This is not the current version of the class.

Miscellaneous exercises

Exercises not as directly relevant to this year’s class are marked with ⚠️.

MISC-1. Git

Edward Snowden is working on a CS61 problem set and he has some git questions.

QUESTION MISC-1A. The CS61 staff has released some new code. Which commands will help Edward get the code from code.seas.harvard.edu into his repository? Circle all that apply.

  1. git commit
  2. git add
  3. git push
  4. git pull

QUESTION MISC-1B. Edward has made some changes to his code. He hasn’t run git since making the changes. He wants to upload his latest version to code.seas.harvard.edu. Put the following git commands in an order that will accomplish this goal. You won’t necessarily use every command. You may add flags to a command (but you don’t have to). If you add flags, tell us what they are.

  1. git commit
  2. git add
  3. git push
  4. git pull

Edward Snowden’s partner, Edward Norton, has been working on the problem set also. They’ve been working independently.

At midnight on October 10, here’s how things stood. The git log for the partners’ shared code.seas.harvard.edu repository looked like this. The committer is listed in (parentheses).

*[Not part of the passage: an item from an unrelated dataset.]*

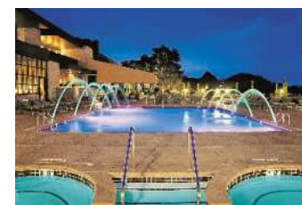
The Grand Geneva pool at night is a beautiful sight.

Got kids? Gotta have a pool and the resort offers indoor and outdoor swimming pools, including a Water Playground with a 70-foot waterslide, floating obstacle course, zero-depth sprayground, basketball hoops and more. Practice your backhand on indoor and outdoor tennis courts or hit the links on three championship golf courses, including The Bear, designed by golf legend Jack Nicklaus; sign up for a family golf lesson. Team up for beach volleyball and don't miss the bonfire, complete with singalong and s'mores. Every Friday and Saturday night from 6 to 10 p.m. the 6- to 12-year-olds can compete in wacky games, swim, get into arts and crafts and join in a pizza party during the “Kid's Night Out” program. Meanwhile, you're at Spa Grand Traverse enjoying hydrotherapy, body wraps, massages, facials, manicures and pedicures. Maintain your fitness goals at the Health Club's fully equipped cardio and weight rooms, fitness classes and indoor pool. Have a date night dinner and regroup later for in-room Nintendo and movie rental options. Teens

52d44ee Pset release. (kohler)

The git log for Snowden’s local repository:

3246d07 Save Greenwald's phone number (snowden)
8633fbd Start work on a direct-mapped cache (snowden)
52d44ee Pset release. (kohler)

The git log for Norton’s local repository:

81f952e try mmap (norton)
52d44ee Pset release. (kohler)

At noon on October 11, their shared GitHub repository has this log:

d446e60 Increase cache size (snowden)
b677e85 use mmap on mmappable files (norton)
b46cfda Merge branch 'master' of code.seas.harvard.edu:~TheTrueHOOHA/cs61/TheTrueHOOHAs-cs61-psets.git 
        (norton)
81f952e try mmap (norton)
3246d07 Save Greenwald's phone number (snowden)
8633fbd Start work on a direct-mapped cache (snowden)
52d44ee Pset release. (kohler)

QUESTION MISC-1C. Give an order for these commands that could have produced that log starting from the midnight October 10 state. You might not use every command, and you might use some commands more than once. Sample (incorrect) answer: “1 4 4 5 2.”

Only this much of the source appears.